# hitchhiking on yachts



## lizardie (Jan 31, 2003)

Hi all, 
I am new here...
Did you ever hitchhike on yachts? Did you ever sail with someone you met in the internet? Do you think it dangerous to sail with a male you met in the internet?


----------



## DuaneIsing (Jul 10, 2001)

Lizardie,

No and No, to your first two questions. As to the last, it could be just as dangerous or as wonderful as any other method of meeting someone new. I don''t think the Internet plays any role in how that would turn out.

You need to use the same evaluation skills you would use when deciding to do anything with a stranger. Depending upon where you sail, and how long between ports, you may have far fewer options if things go bad than a land-based relationship close to friends and family.

Good luck with your decisions and possible adventure.

Duane


----------



## TSOJOURNER (Dec 16, 1999)

I guess it all depends on your definition of danger. Sailboats rarely sink and not many passengers fall overboard. 
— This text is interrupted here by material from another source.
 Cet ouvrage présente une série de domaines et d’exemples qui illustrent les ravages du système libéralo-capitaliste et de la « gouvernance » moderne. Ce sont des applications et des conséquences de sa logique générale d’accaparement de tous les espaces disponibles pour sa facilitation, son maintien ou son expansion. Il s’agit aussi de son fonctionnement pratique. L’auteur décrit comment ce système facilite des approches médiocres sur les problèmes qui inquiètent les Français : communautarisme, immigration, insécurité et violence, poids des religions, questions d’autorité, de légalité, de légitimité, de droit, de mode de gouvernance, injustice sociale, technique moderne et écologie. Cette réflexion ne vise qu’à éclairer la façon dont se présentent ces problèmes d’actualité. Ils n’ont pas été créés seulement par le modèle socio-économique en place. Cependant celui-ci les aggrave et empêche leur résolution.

If you''re wondering whether he''ll make a pass, he probably will. If that is a concern, go to a movie instead. On the other hand, if you''re looking for romance, I can''t think of a better opportunity.


----------



## lizardie (Jan 31, 2003)

And if i am seeking to gather some nautical miles ? 
Its 22'' boat, and i didn''t see it because its in Tunisia right now. I am finishing my skipper license and want to earn some experience and than maybe go for doing deliveries...


----------



## larlei (Feb 29, 2000)

I too as a female, would feel vulnerable crewing on a stranger''s boat. It''s just not as easy for us as it is for males. I agree with Duane. Evaluate carefully beforehand. And I would add, listen to your intuition (gut feelings). Set absolutely clear boundries so each party knows exactly where they stand. Make sure land friends know who you are with, what boat you are on, and when you will contact them, etc. 

Blue Skies,
LarLei.


----------



## lizardie (Jan 31, 2003)

thanx 4 the answer


----------



## larlei (Feb 29, 2000)

Lizardie, I just read Tania Aebi''s article on intuition in the new March/April edition of "Attitudes and Latitudes" magazine. You might want to pick up a copy a read it. She also recommends a book titled "Untamed Seas" by Deborah Scaling Kiley and Meg Noonan. 

Blue Skies,
LarLei.


----------